ACRU Sues Philadelphia over Voting Records
ACRU Staff
April 5, 2016
ALEXANDRIA VA (April 5, 2016)—The American Civil Rights Union (ACRU) is suing Philadelphia over city officials’ refusal to open voter registration records for public inspection as required by federal law.
In a complaint filed yesterday in U.S. District Court under Section 8 of the National Voter Registration Act of 1993 (Motor Voter Law), the ACRU seeks “specific records… to ascertain why Defendants have implausible percentages of active registrants as compared to age-eligible United States citizens who live in Philadelphia.”

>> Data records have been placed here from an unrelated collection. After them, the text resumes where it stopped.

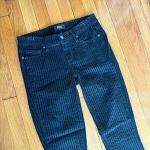 Super cute velvet black pinstripe ultra skinny jeans. In excellent condition, no known flaws. Coloring hard to capture, definitely true black in person!
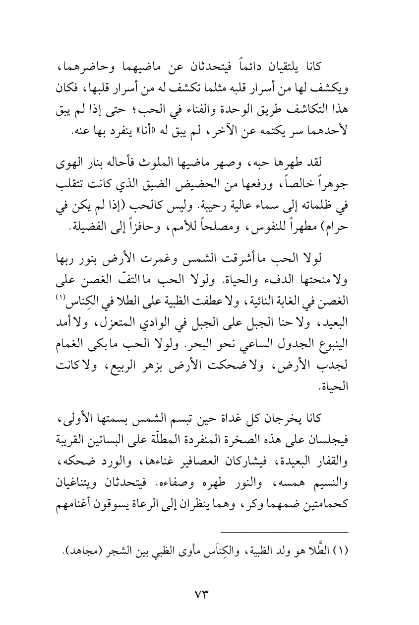 لولا الحب ما أشرقت الشمس وغمرت الأرض بنور ربها ولا منحتها الدفء والحياة. ولولا الحب ما التفّ الغصن على الغصن في الغابة النائية، ولا عطفت الظبية على الطلا في الكِناس (¬1) البعيد، ولا حنا الجبل على الجبل في الوادي المتعزل، ولا أمد الينبوع الجدول الساعي نحو البحر. ولولا الحب ما بكى الغمام لجدب الأرض، ولا ضحكت الأرض بزهر الربيع، ولا كانت الحياة.
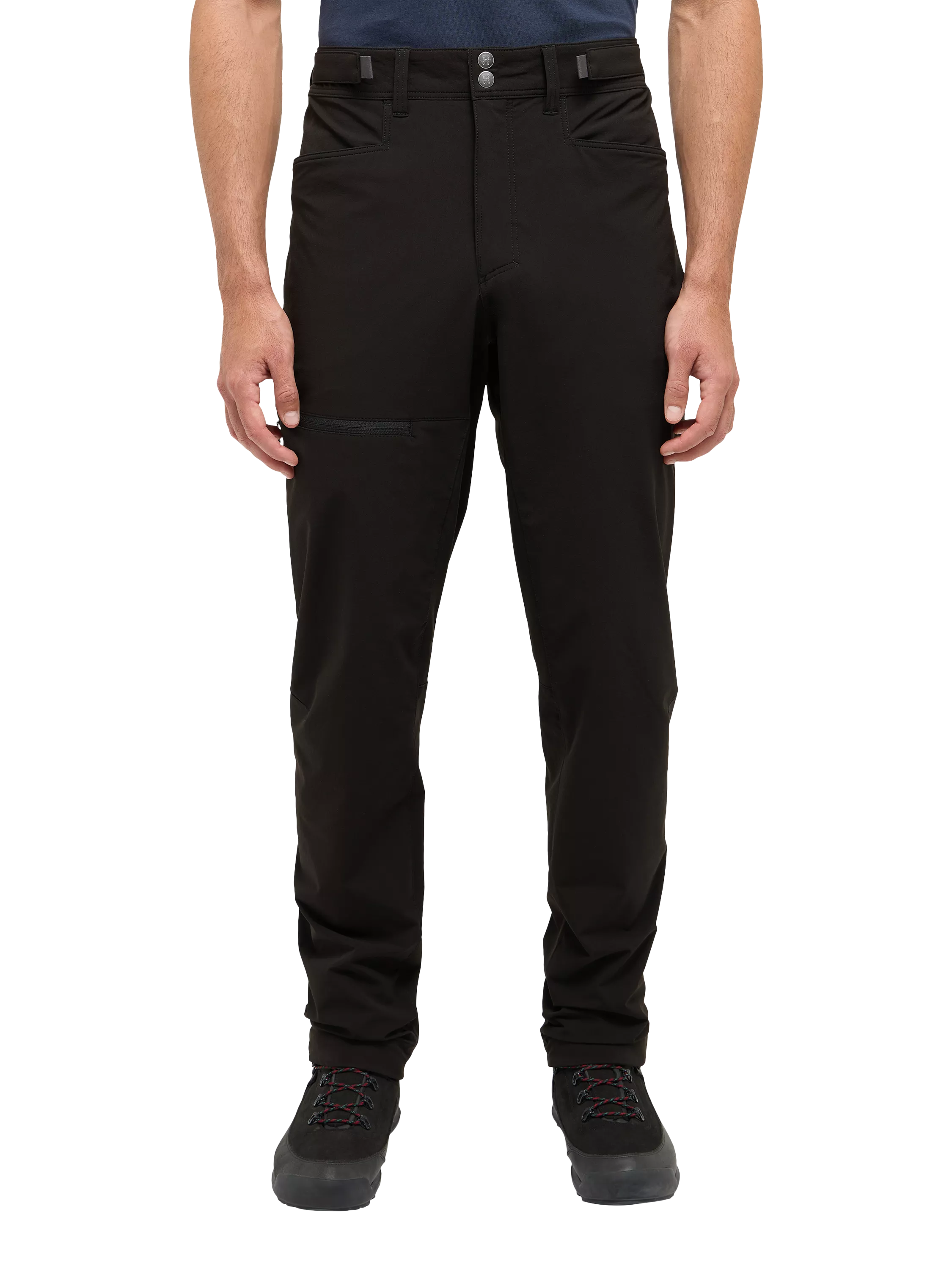 Stretchy and durable trousers for day hikes and everyday adventures. Haglöfs designed them to serve a versatile role in your outdoor kit. They're made out of a soft and highly flexible softshell fabric that repels water and dirt. The adjustable waistband and leg-ends offer customised comfort. They come with three practical pockets and a gear attachment loop.

Specifically, the ACRU seeks a court order finding the city in violation of NVRA, and requiring officials to allow inspection of voter registration records and the various means by which the city is supposed to be updating them. The ACRU had requested access to the records in a January letter to city officials.

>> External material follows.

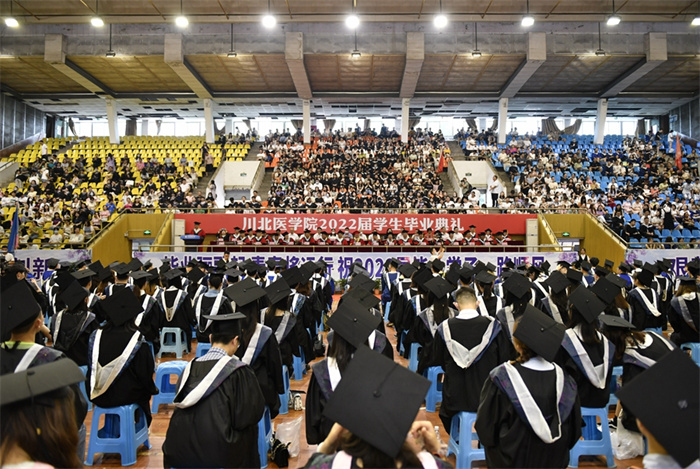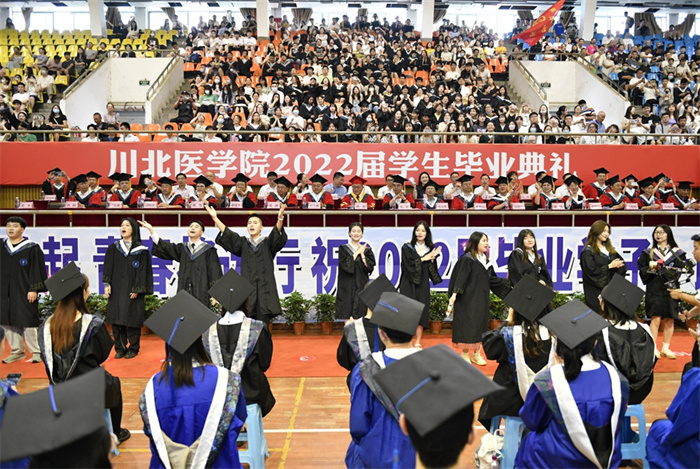 四川新闻网消息 6月24日上午,川北医学院2022届学生毕业典礼暨学位授予仪式在顺庆区西山运动场日月馆举行。学校领导,各教学院系、相关职能部门主要负责人,硕士研究生导师代表、教师代表,2022届毕业生及在校学生代表等参加毕业典礼。
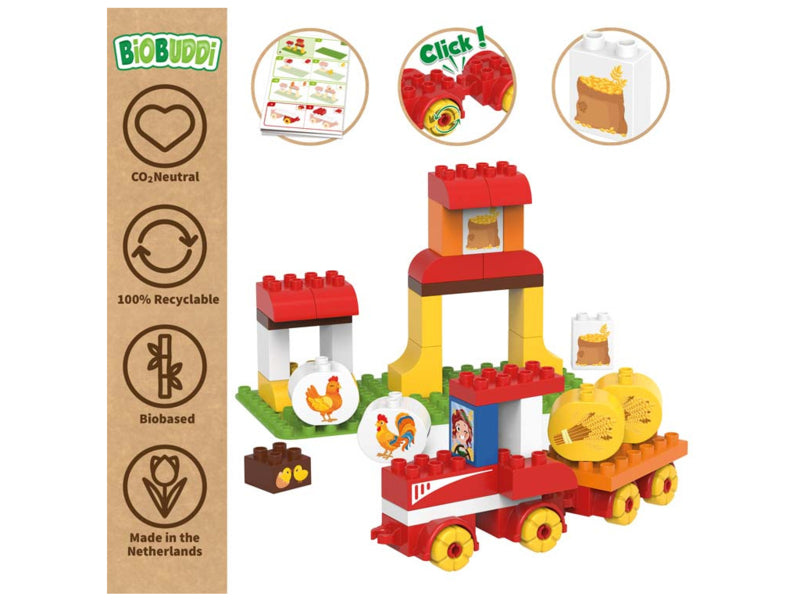 Bouw je eigen graanboerderij met de 39 verschillende bouwdelen. De set wordt geleverd met een mooie opbergverpakking met handvat. Alle verpakkingen van BiOBUDDi zijn FSC goedgekeurd en dus milieuvriendelijk. Ga dus samen met je zoon of dochter aan de slag en maak je eigen graanboerderij.

Philadelphia voter rolls have contained an implausible number of registrants over the years with the total registered nearly exceeding the number of eligible citizens in Philadelphia. The ACRU seeks to examine why this is occurring and what can be done to ensure that only eligible citizens are voting in Philadelphia elections.
“Something is wrong with the voter rolls in Philadelphia,” ACRU Chairman Susan A. Carleson said. “Federal law requires that election officials permit inspection of various data to determine if enough is being done to ensure clean voter rolls. Philadelphia entirely ignored our requests, so we are seeking an order from the federal court forcing transparency.”

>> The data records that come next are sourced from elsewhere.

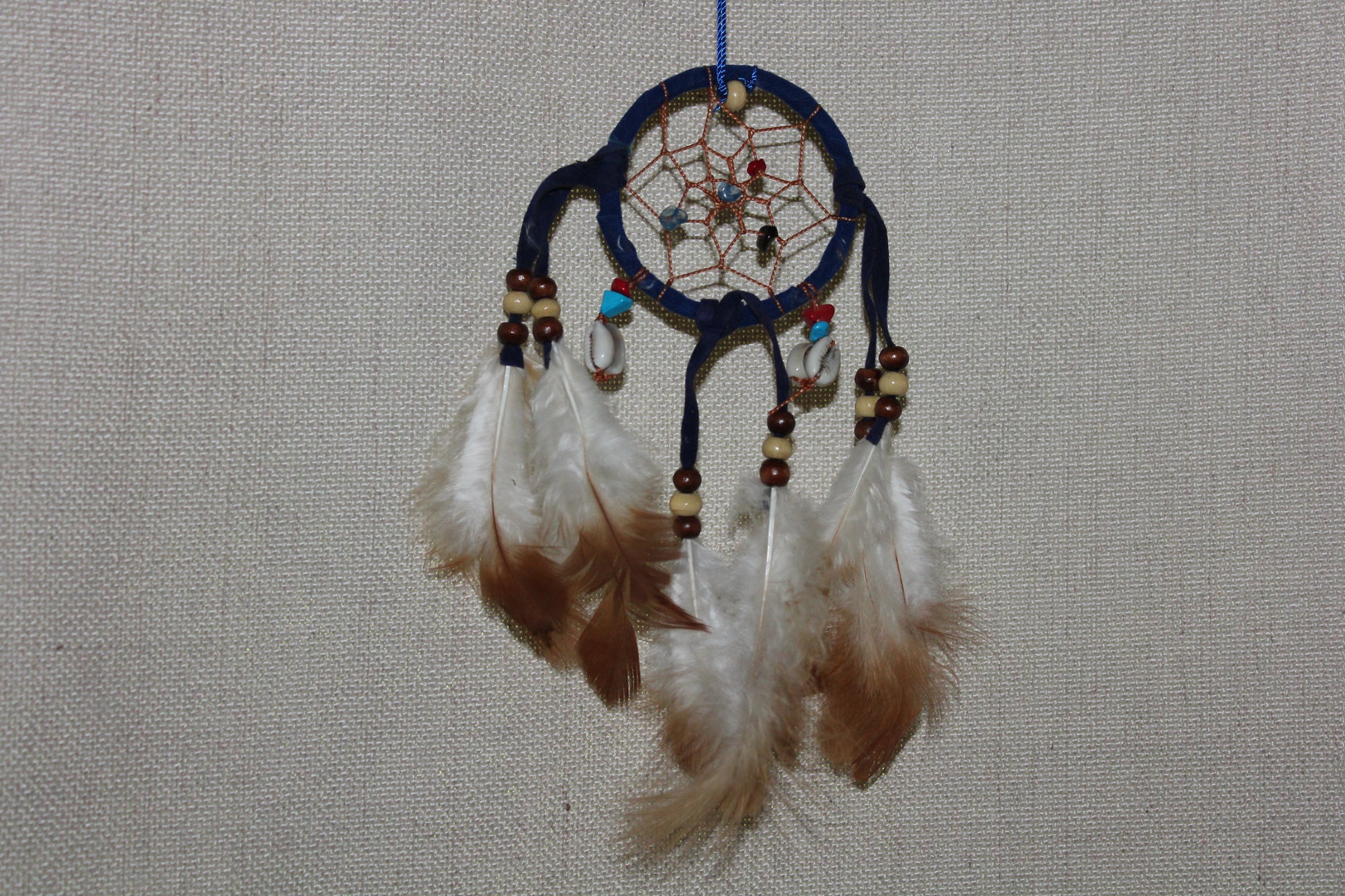 This Dark Blue Dreamcatcher has Blue Howlite & Red Coral chips, cowrie shells, timber beads and feathers.
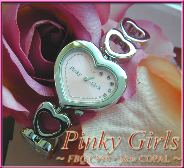 ピンキーガールズの代表的モチーフである【ハート】フォルムの清楚なブレスウォッチは
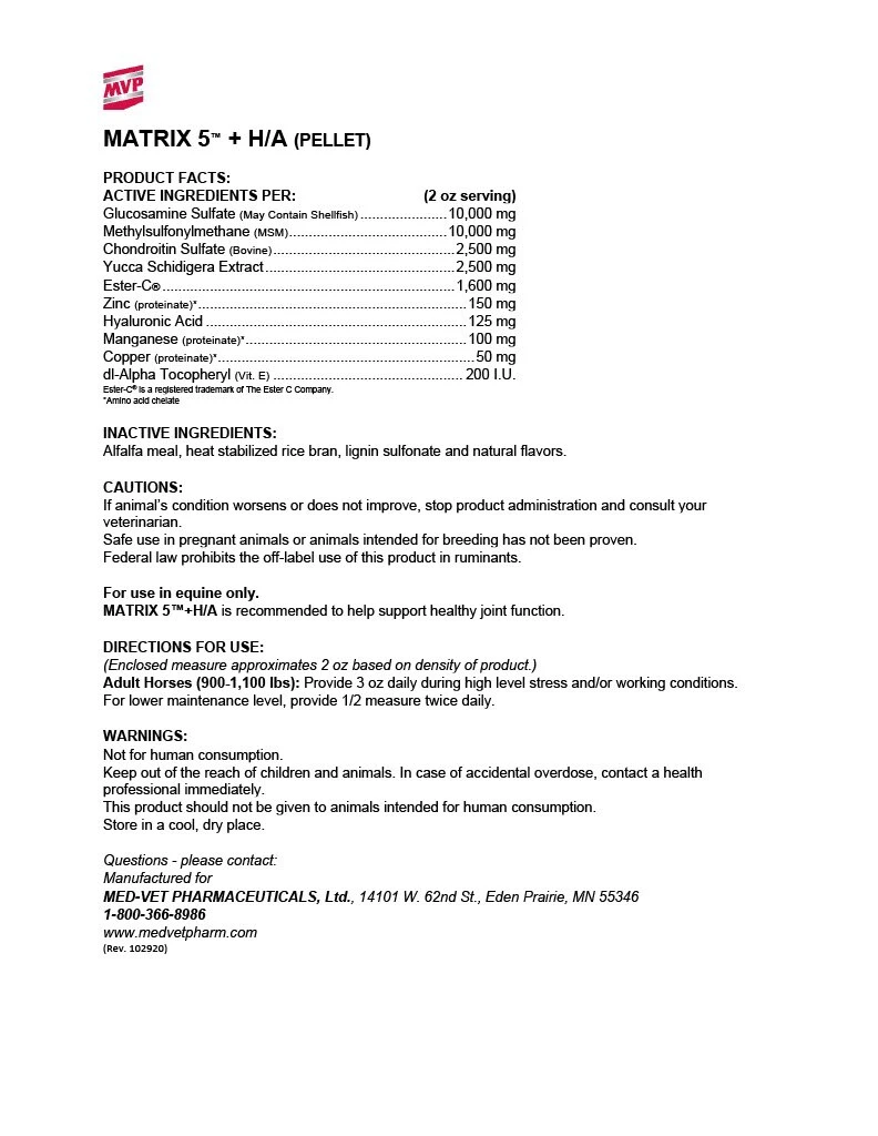 Matrix 5 HA is a high-level horse joint supplement in a pellet form! It contains 10,000 mg of glucosamine sulfate, 2,500 mg of chondroitin sulfate, 125 mg of hyaluronic acid, 10,000 mg of MSM, 2,500 mg of yucca, and 1,600 mg of Ester-C®.
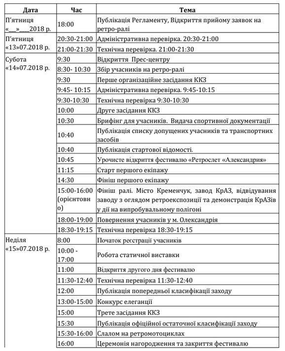 У перший день проведення, 14 липня, заплановане класичне ралі на ретроавтомобілях Олександрія – Кременчук. Фінішують учасники на заводі «КрАЗ». Як повідомляють організатори «Ретрозльоту «Олександрія», фініш попередньо намічений на 14.00 – 14.30. Інших зупинок по місту поки не заплановано.

The complaint against Philadelphia, which was filed on ACRU’s behalf by local Philadelphia counsel Linda A. Kerns, Esquire, is the first lawsuit the ACRU has brought in Pennsylvania under the NVRA.
Over the past two years, the ACRU has successfully sued four counties in Mississippi and two in Texas, with others pending, as part of its Election Integrity Defense Project (www.defendelectionintegrity.org).